Her husband, “Tiger”, is often absent, spending much of his time on the golf-green practicing his stroke or hanging out at the driving range discussing Phil Mickelson or Tiger Wood’s latest record. Ally handles most of the household chores on top of her mommy-duties. The few household chores reserved for Tiger, such as taking out the trash, often falls on Ally also since Tiger frequently forgets to do them (probably because his brain is full of golf trivia). As for finances, much of his paycheck is spent on golf equipment, lessons and club fees. And though he does love his children and plays with them often, the task of cleaning, feeding, chauffeuring and disciplining is left to Ally. Tiger, on the other hand, knows exactly when to disappear when household or childcare assistance is needed. For this reason, Sally is often mistaken as a single mom.
Genevieve the Lion-Hearted
Genevieve is a Harvard law graduate, an adoption attorney and lobbyist for orphan rights. She is the prototypical New York City career woman whose social network includes some of the city’s most influential power players. Being of French and Korean descent, she is enchantingly beautiful with long brown hair, golden-amber eyes and ivory skin though she tries to downplay her good-looks with unassuming attire. Her natural charm, genuine interest, friendly warmth and compassion for all people are disarming, causing everyone she encounters to love her. She has her pick of admirers, yet for some inexplicable reason, she has chosen “Axl”.
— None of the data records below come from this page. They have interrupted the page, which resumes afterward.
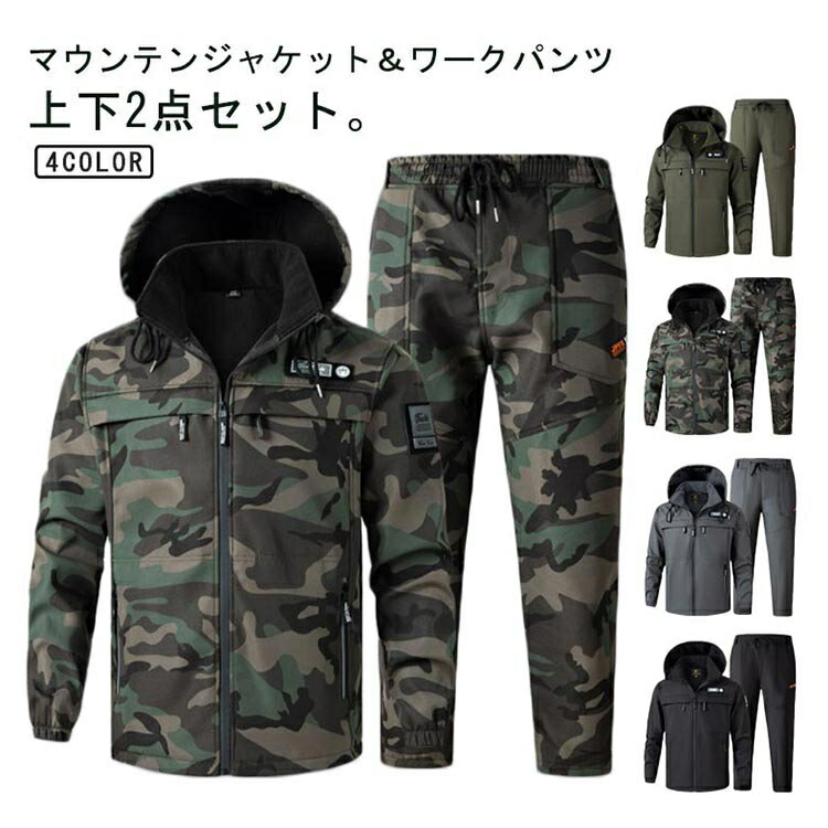 厚手 釣り 防寒 スポーツ ジャケット 撥水 防寒 メンズ ウインドブレーカー マウンテンジャケット カジュアル ミリタリー 防風 ワークパンツ 作業用 自転車 裏起毛 登山 マウンテンジャケット キャンプ ランニング 上下セット 撥水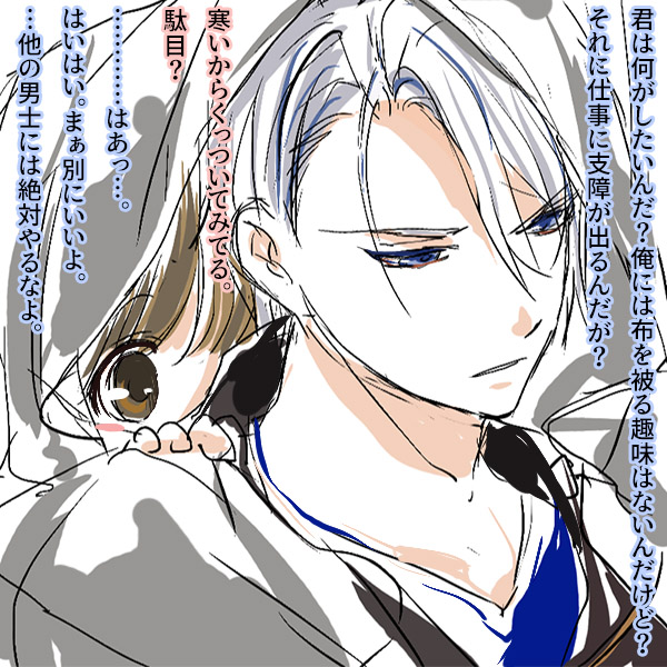 | 寒いので布かぶってくっついてみる。 そして話も書いてみた。 |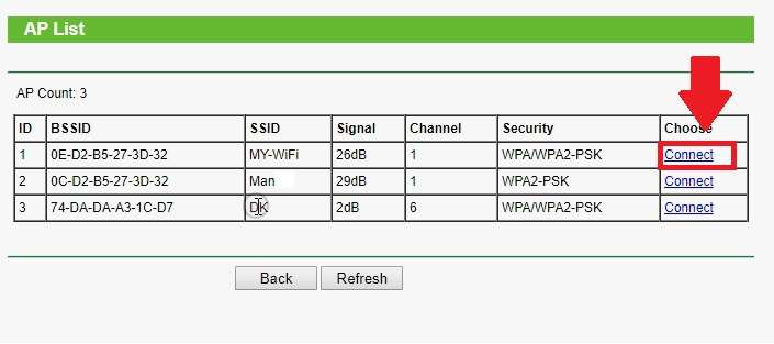 Select Universal repeater and press Survey button are run scanning for networks running nearby.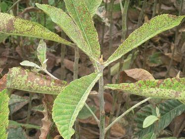 Wilting and blackening of leaves, cankers on branches White powdery spots on leaves Dark sunken spots on leaves and fruit Brown mushy spots on fruit Brown spots on leaves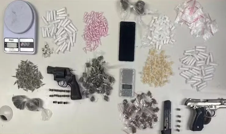 Com os homens, a PM apreendeu uma pistola, um revólver, 10 munições, três estojos, além de porções de cocaína, maconha e crack. Também foram encontrados uma balança de precisão e um celular.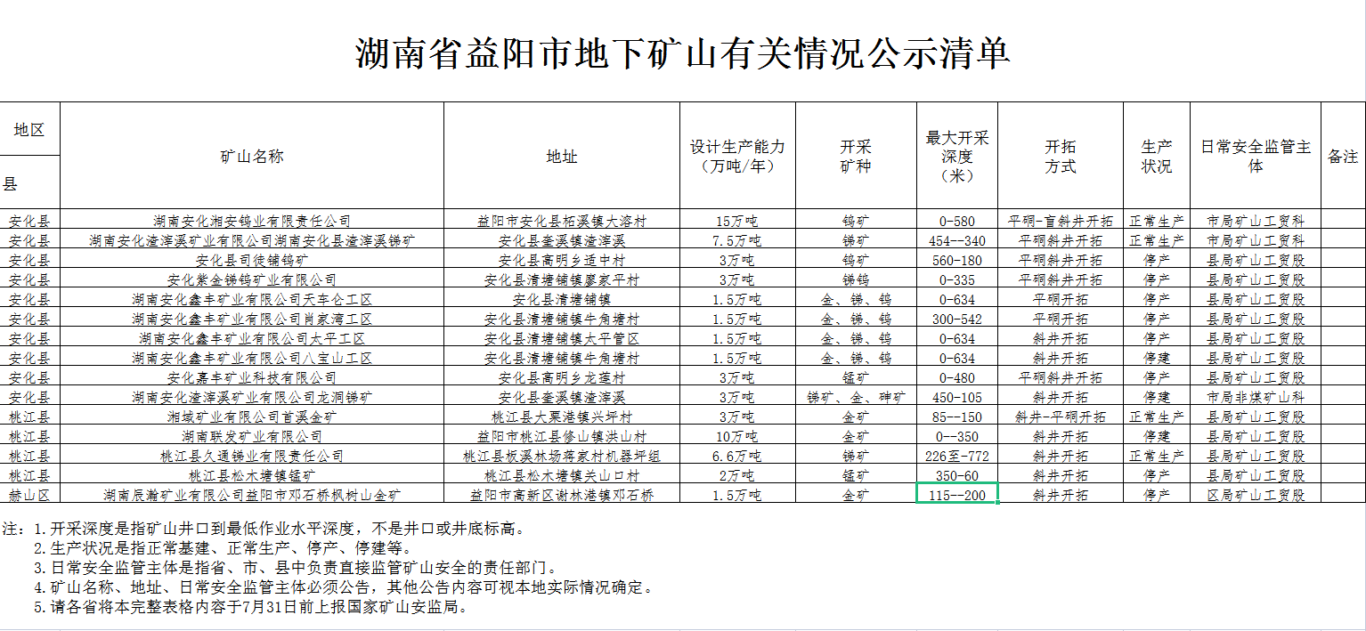 湖南省益阳市地下矿山有关情况公示清单

Like Axl Rose of Guns N’ Roses, Genevieve’s Axl is emotionally unbalanced, explosively temperamental and insanely egomaniacal. He is a Wall Street stockbroker, which is rather surprising given his inability to contain his emotional outbursts. At home, when he loses his temper, Axl would go into a shouting fit, randomly cursing at Genevieve as well as anyone around, reminding me of a patient with Tourette’s. When he is not throwing a temper tantrum, he is restlessly puttering about the house, trying to find a project to keep busy but never able to stay with it for long because his interest wanes rapidly like that of a hyperactive child with ADD. So it is up to Genevieve to keep Axl’s enormous ego and temper in check but how her heart withstands his emotional tirades is amazing!
So reflecting on these stories, I can’t help but wonder why someone would put themselves through such psychological and emotional torture. Anyone, especially Brutus, Charlie, Tiger and Axl, should thank the heavens everyday for having such amazing women stand by their sides. But instead, they are the ones being worshipped like gods. So what is it about these undeserving men that these women can’t live without? Is it a fear of being alone or the hope of change that keeps them there? What makes these men (and women as well) worth fighting and suffering for? Is love so blind that they cannot see the reality of their situation or see the true character of their lesser halves? And how much should one tolerate and compromise before walking away? Perhaps I’ve just been living in my safe little world for too long, but I don’t get it. Surely, relationships shouldn’t be as difficult as the ones highlighted in this article.